In its first iteration, PSI-BLAST identifies relatively close homologs. These close homologs are then used to generate a profile for the next iteration that will be able to find more remote homologs. Iterating this process in theory yields progressively better models and thus finds more and more weakly related homologs. However, in practice, non-homologous false positives are frequently incorporated into the model at some point during the iterative process. Once this happens, the model is "corrupted", resulting in the false identification of many non-homologs as true putatives. Such model corruption is particularly treacherous if the non-homologous sequence belongs to a large family. A naive approach is to set a stringent inclusion threshold, but the trade-off is a loss of sensitivity, especially for the more remote homologs, thus diminishing the strength and utility of PSI-BLAST.

Many different approaches have been proposed to improve the discrimination of true and false positives. Despite their better performance in remote homology detection, these approaches are computationally more expensive than PSI-BLAST, thus hindering their wide acceptance by the user community.
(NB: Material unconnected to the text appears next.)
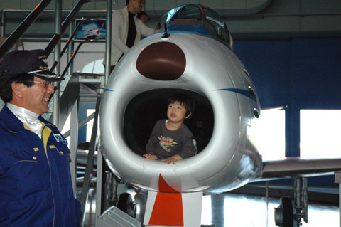 T-2練習機に乗り込んだ子供。背が低いから前が見えない模様。もう少し大きくなってから、フライトスーツを借りて着て、もう一度リベンジしような。
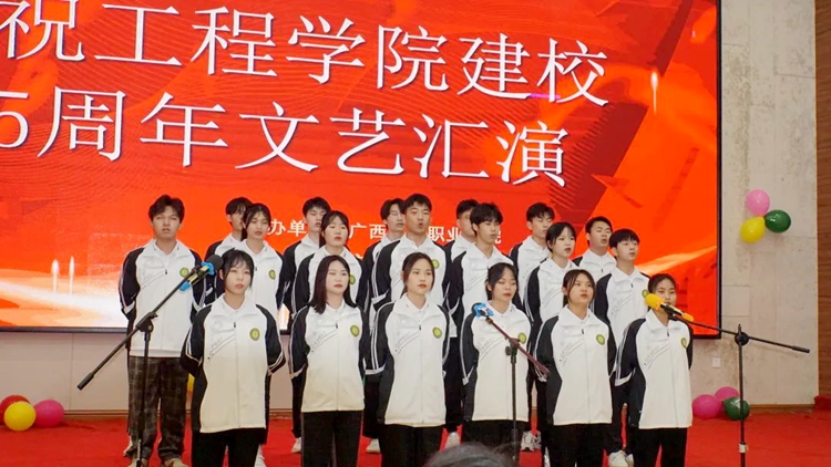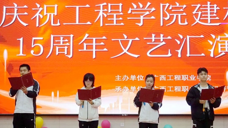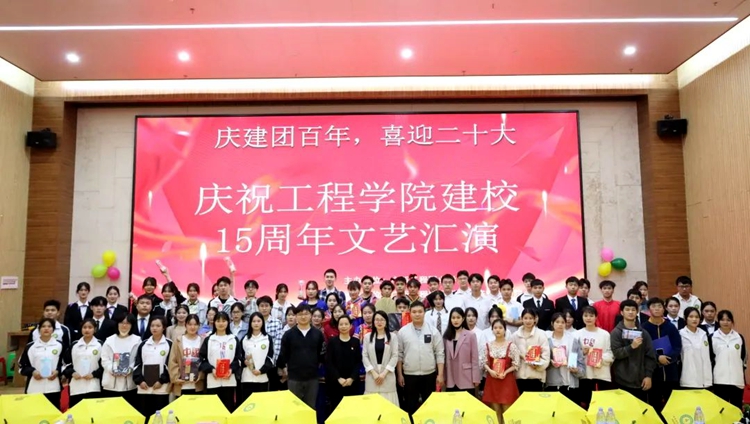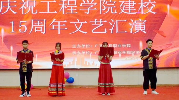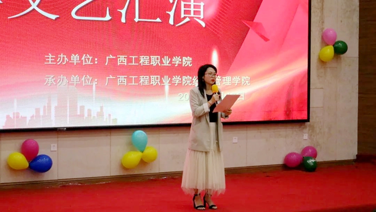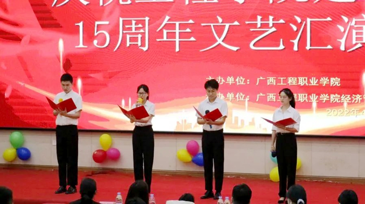 經(jīng)濟(jì)管理學(xué)院院長龐英連宣布晚會開始后,精彩的節(jié)目逐一上演,同學(xué)們以深情的朗誦、優(yōu)美的舞蹈,動聽的歌聲慶祝廣西工程職業(yè)學(xué)院建校十五周年,喜迎二十大,獻(xiàn)禮建團(tuán)一百周年。

We have developed a simple and elegant approach to resolve the problem of model corruption in PSI-BLAST searches. We hypothesized that combining results from the first (least-corrupted) profile with results from later (most sensitive) iterations of PSI-BLAST provides a better discriminator for true and false hits. Accordingly, we have derived a formula that utilizes the E-values from these two iterations to obtain a figure of merit for rank-ordering the hits. Our verification results using a "gold-standard" test set show that our approach does delineate true positives from false positives better than PSI-BLAST E-values. Perhaps what is most notable about this strategy is that it is simple and straightforward to implement.

References:
Altschul, S.F., Gish, W., Miller, W., Myers, E.W. and Lipman, D.J. (1990) Basic local alignment search tool, J Mol Biol, 215, 403-410.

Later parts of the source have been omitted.